═════ Data provided

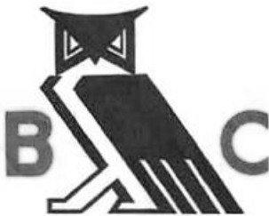
Figure 5.4. Moloch - the owl logo of the Bohemian Club.

Towering forty feet above a black altar is the main attraction of the macabre Bohemian Club – the giant stone owl called the Owl of Bohemia. As we have seen, the owl has been described as the guardian of the goddess of the underworld since ancient times. This owl – called “Moloch” - is the symbol and logo for the Bohemian Club (Figure 5.4). Moloch is the Babylonian-Cannanite deity to whom children and adults were sacrificed. Widows of former Bohemian Grove members (who most likely were not keen on their husbands’ summer camp with the boys) report that their husbands were obsessed with owls and had little owl statues all over their houses. Little wonder now why the owl appears on buildings and state capitols all over the United States and even hides on the dollar bill.
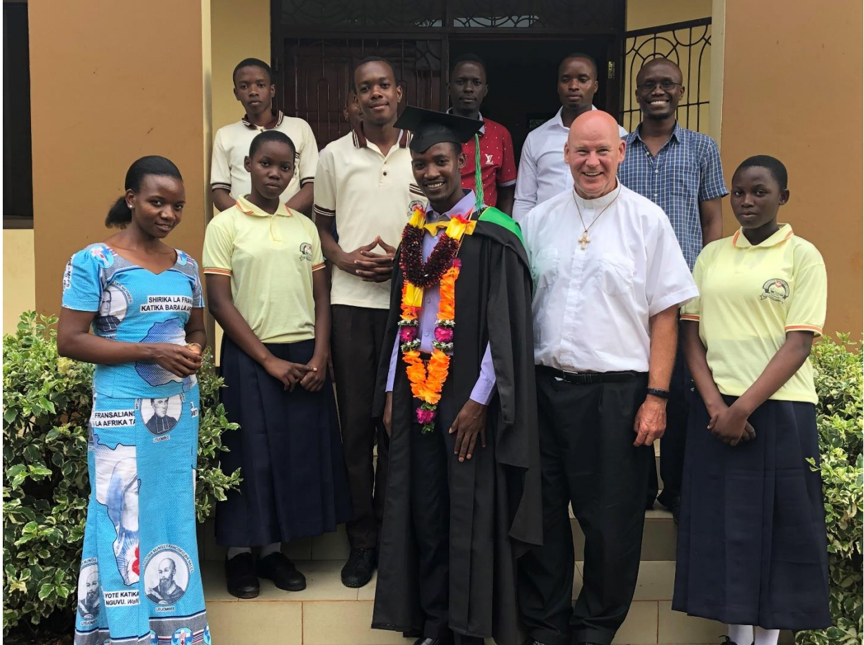
And, look who wanted to get into the celebratory photos!
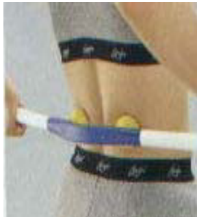
Acu-Masseur on Back
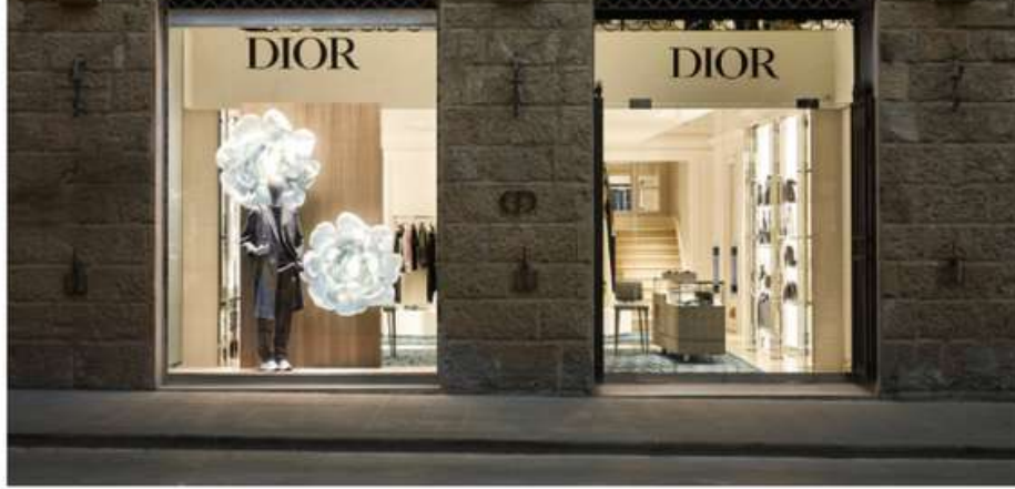
Dior men's wear boutique in Florence.

With its refined interior design featuring the brand's distinctive color palette of blue and gray, the store is located next to the Damiani flagship and opposite the Salvatore Ferragamo shop. It carries Jones' signature fashion items, from the men's version of the Saddle Bag to the running-inspired B30 sneaker, as well as his ready-to-wear collections.
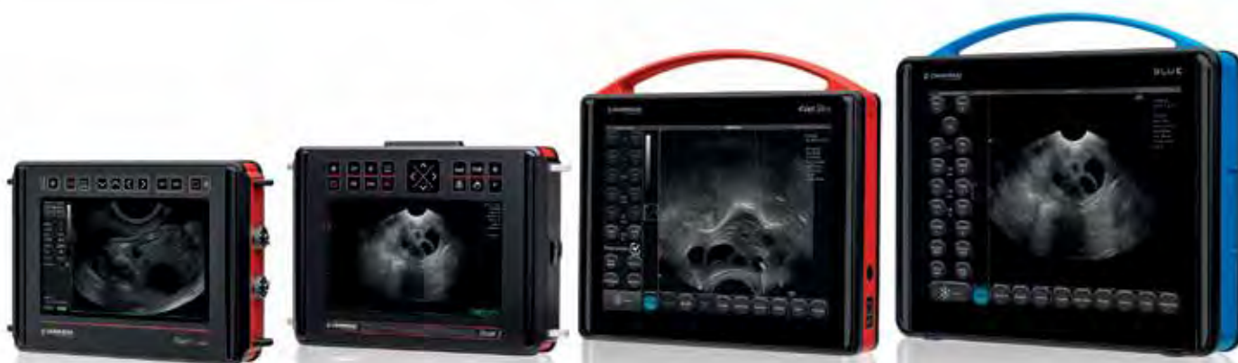
iScan 2 MULTI

══════════

**Problem:** The line containing "Dior men's wear boutique in Florence." marks the start: set down exactly that line and every line after it through the last line of the data, without any pictures.

**Exercise answer:**
Dior men's wear boutique in Florence.

With its refined interior design featuring the brand's distinctive color palette of blue and gray, the store is located next to the Damiani flagship and opposite the Salvatore Ferragamo shop. It carries Jones' signature fashion items, from the men's version of the Saddle Bag to the running-inspired B30 sneaker, as well as his ready-to-wear collections.
iScan 2 MULTI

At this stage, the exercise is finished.